D’altronde, la natura stessa, in quanto paesaggio antropico, è creazione fondamentalmente umana, attribuzione di senso e formazione di un luogo significativo: è dunque identificazione. In questa prospettiva, il paesaggio, in quanto manifestazione di una médiance, esprime proprio il senso di un luogo secondo una logica dell’identificazione. Alla luce della dialettica metodologica del passaggio da ambiente a paesaggio cercheremo di leggere la vicenda della fondazione di Sabaudia, una delle principali città nuove dell’agro pontino fondate all’interno del progetto della bonifica integrale durante il fascismo.
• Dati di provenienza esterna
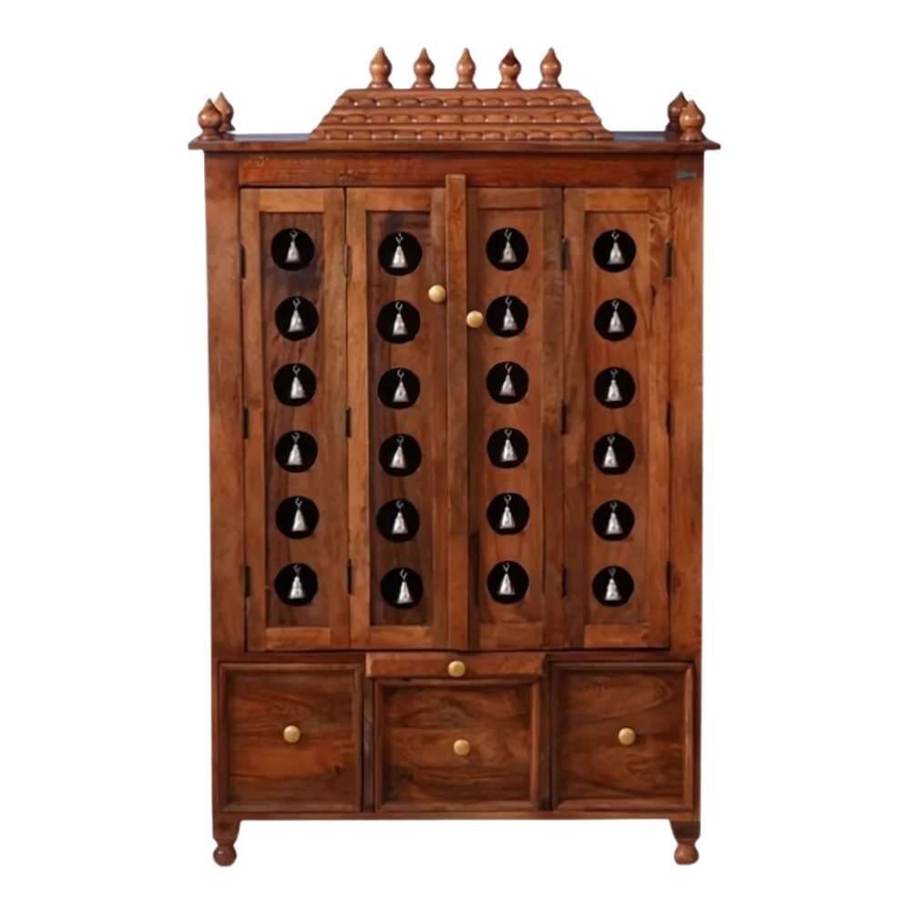 Each door has round black cut-outs with small bells that give a traditional look to this pooja mandap. The bells make a soft sound when touched and create a peaceful feel during prayers. Their even placement brings a neat and balanced look to all four doors. These features give the mandap a proper big temple feel. The brown color of the wood makes the bells shine more. This door design looks nice and keeps the traditional style. The doors open and close smoothly with strong hinges. This design adds meaning and comfort to your daily pooja.

La bonifica integrale rappresenta una delle fondamentali strategie di controllo del territorio del regime fascista. L’idea di bonificare e colonizzare terre incolte affonda le sue radici nel passato. Essa non fu, infatti, un’invenzione del fascismo in Italia, ma risale all’Ottocento e, come tale, è elemento costitutivo del patrimonio ideologico del socialismo utopistico e della borghesia illuminata. Fin dalla conclusione della prima guerra mondiale, i governi liberali avevano posto mano ed accelerato la produzione legislativa in materia di bonifiche e di colonizzazioni, anche sotto l’impulso del movimento contadino. Nel 1921, lo Stato si assumeva il compito di espropriare i terreni necessari alle opere di bonifica. La legislazione varata dal governo fascista, in particolare tra il 1928 ed il 1931, si focalizzava sulle trasformazioni dell’ambiente agrario mediante interventi tecnici coordinati da un programma economico generale.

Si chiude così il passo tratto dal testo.